> [PROBLEM REQUIREMENTS]
Repeat the span of the entries below that starts at the line with "раздел — на белогорск.рф" and ends at the line with "이재명 대통령은 한국", nothing more. Skip the pictures.

> [DATA PROVIDED]
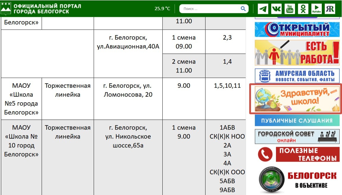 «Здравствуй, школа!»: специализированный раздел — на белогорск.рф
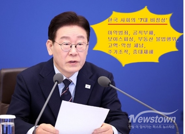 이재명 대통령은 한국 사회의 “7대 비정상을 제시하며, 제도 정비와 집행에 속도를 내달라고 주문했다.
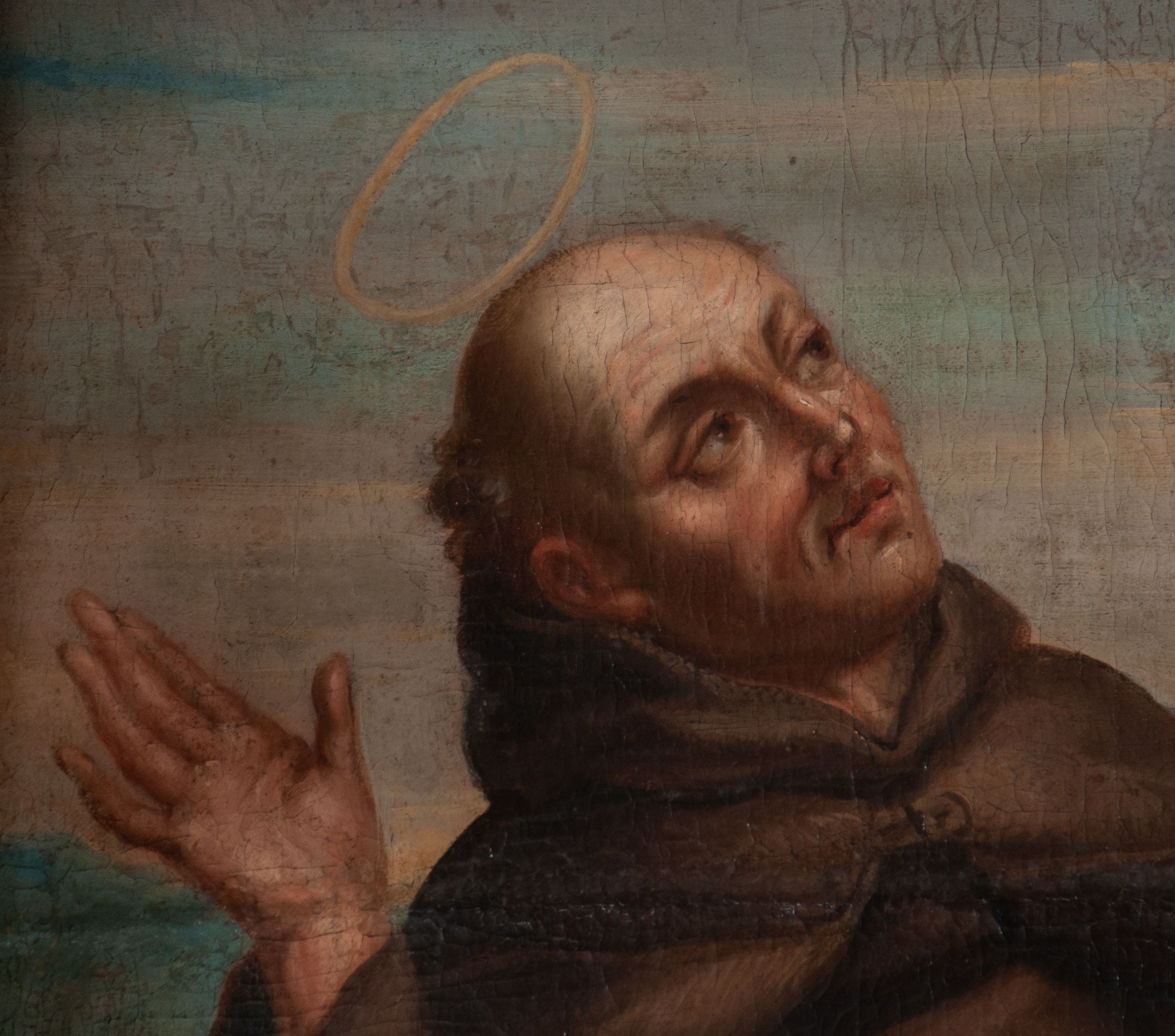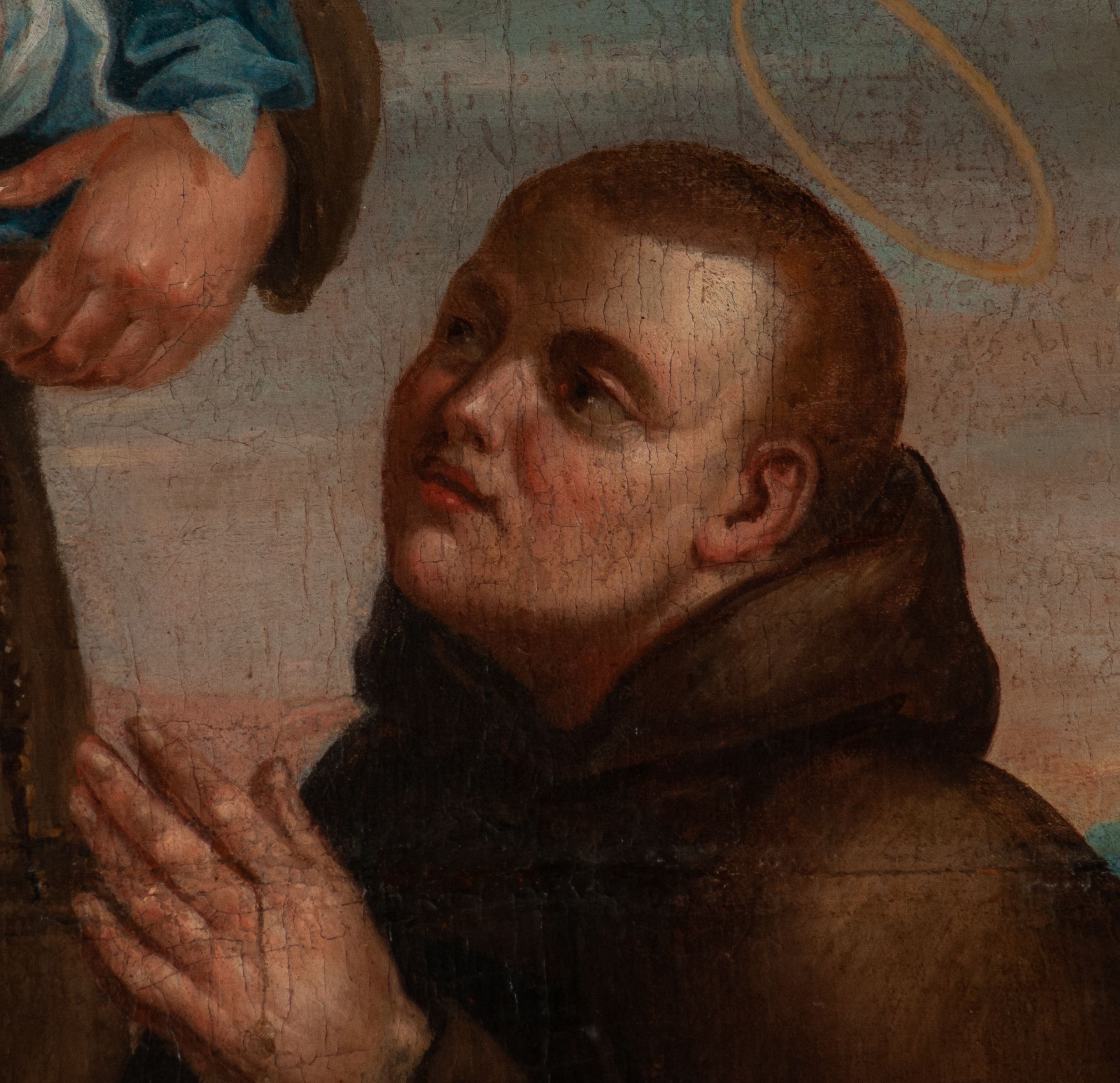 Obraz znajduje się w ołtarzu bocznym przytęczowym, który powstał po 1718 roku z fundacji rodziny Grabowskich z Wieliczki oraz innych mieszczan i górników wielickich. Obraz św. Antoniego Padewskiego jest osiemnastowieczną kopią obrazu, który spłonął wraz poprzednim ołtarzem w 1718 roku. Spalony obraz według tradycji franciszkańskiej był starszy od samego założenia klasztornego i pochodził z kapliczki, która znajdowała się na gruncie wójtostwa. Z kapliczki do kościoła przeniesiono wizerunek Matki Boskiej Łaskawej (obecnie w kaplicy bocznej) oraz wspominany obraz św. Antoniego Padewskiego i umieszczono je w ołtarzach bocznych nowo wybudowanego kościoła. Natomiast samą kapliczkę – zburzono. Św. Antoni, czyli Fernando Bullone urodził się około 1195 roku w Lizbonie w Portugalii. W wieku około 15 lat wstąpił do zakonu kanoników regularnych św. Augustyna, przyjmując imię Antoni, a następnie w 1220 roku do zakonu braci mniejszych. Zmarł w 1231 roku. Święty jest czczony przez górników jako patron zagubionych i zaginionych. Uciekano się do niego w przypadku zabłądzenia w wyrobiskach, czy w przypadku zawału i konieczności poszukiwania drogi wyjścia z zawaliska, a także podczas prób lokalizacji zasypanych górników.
---
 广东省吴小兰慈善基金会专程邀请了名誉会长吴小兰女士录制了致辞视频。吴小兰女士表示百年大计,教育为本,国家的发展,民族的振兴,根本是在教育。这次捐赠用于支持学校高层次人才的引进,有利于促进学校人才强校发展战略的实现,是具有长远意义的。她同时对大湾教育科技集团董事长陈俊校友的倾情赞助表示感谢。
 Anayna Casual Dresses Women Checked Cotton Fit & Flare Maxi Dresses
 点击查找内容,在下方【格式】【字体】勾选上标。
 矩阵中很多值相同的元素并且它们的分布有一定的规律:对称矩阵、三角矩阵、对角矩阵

> [ANSWER BOX]
 «Здравствуй, школа!»: специализированный раздел — на белогорск.рф
 이재명 대통령은 한국 사회의 “7대 비정상을 제시하며, 제도 정비와 집행에 속도를 내달라고 주문했다.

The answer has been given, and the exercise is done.